DUE I RILIEVI su cui si fonda questa decisione. La responsabilità che deriva dall’impegno comune che una coppia si assume nel momento in cui
decide di ricorrere alla procreazione medicalmente assistita è tale che nessuno può sottrarsi ad esso. In secondo luogo si riconosce la centralità dell’interesse del minore che valgono sia nei confronti della madre biologica sia nei confronti di quella intenzionale. Conclude la Consulta che «dalla considerazione di questi fondamenti discende che il mancato riconoscimento fin dalla nascita dello stato di figlio di entrambi i genitori lede il diritto all’identità personale del minore e pregiudica sia l’effettività del suo diritto di essere mantenuto, educato, istruito e assistito moralmente dai genitori, nel rispetto delle sue capacità, delle sue inclinazioni naturali e delle sue aspirazioni sia il suo diritto di mantenere un rapporto equilibrato e continuativo con ciascuno dei genitori, di ricevere cura, educazione, istruzione e assistenza morale da entrambi e di conservare rapporti significativi con gli ascendenti e con i parenti di ciascun ramo genitoriale». Vuol dire, in pratica, che esistono anche famiglie con due madri.

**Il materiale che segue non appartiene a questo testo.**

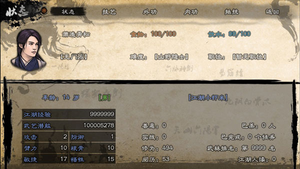 因?yàn)槌搜瞄T(mén)的任務(wù)有潛能獲得之外,其他NPC的任務(wù)并沒(méi)有,學(xué)好了基礎(chǔ)武功,把外功學(xué)到3級(jí)(外功每級(jí)加5的臂力)為拔金蛇劍做準(zhǔn)備(二代的金蛇對(duì)臂力的要求比較高需要二百,所以盡量把茶花菜刀的臂力刷高一點(diǎn),當(dāng)臂力超過(guò)一百的時(shí)候去客棧買(mǎi)酒,到地方喝醉,就可以拔了)。

LA SENTENZA numero 69, da parte sua, riguarda la legge che non consente alla donna single di accedere alla pma: «Non eccede la manifesta irragionevolezza», sostengono i giudici costituzionali. Qui lee questioni di legittimità costituzionale che erano state sollevate sull’articolo 5 della legge numero 40 del 2004, nella parte in cui non consente alla donna singola di accedere alla pma A questo proposito la Consulta ha ricordato che «la disciplina dell’accesso alla pma presenta rilevanti implicazioni bioetiche e incisivi riflessi sociali sui rapporti interpersonali e familiari» e così «essa è rimessa, in linea di principio, alla discrezionalità del legislatore, con l’unico limite della manifesta irragionevolezza e sproporzione alla luce del complesso degli interessi coinvolti». Non sarebbe questo il caso, dunque. Secondo la Corte, nell’attuale assetto normativo, «non consentire alla donna di accedere da sola alla pma rinviene tuttora una giustificazione nel principio di precauzione a tutela dei futuri nati. È, infatti, nel loro interesse che il legislatore ha ritenuto di non avallare un progetto genitoriale che conduce al concepimento di un figlio in un contesto che, almeno a priori, esclude la figura del padre».
TUTTAVIA la Consulta non chiude qui la questione e sottolinea che «non sussistono ostacoli costituzionali a una eventuale estensione, da parte del legislatore, dell’accesso alla procreazione medicalmente assistita anche a nuclei familiari diversi da quelli attualmente indicati, e nello specifico alla famiglia monoparentale». È insomma una questione politica che potrebbe, o forse dovrebbe, smuovere il parlamento.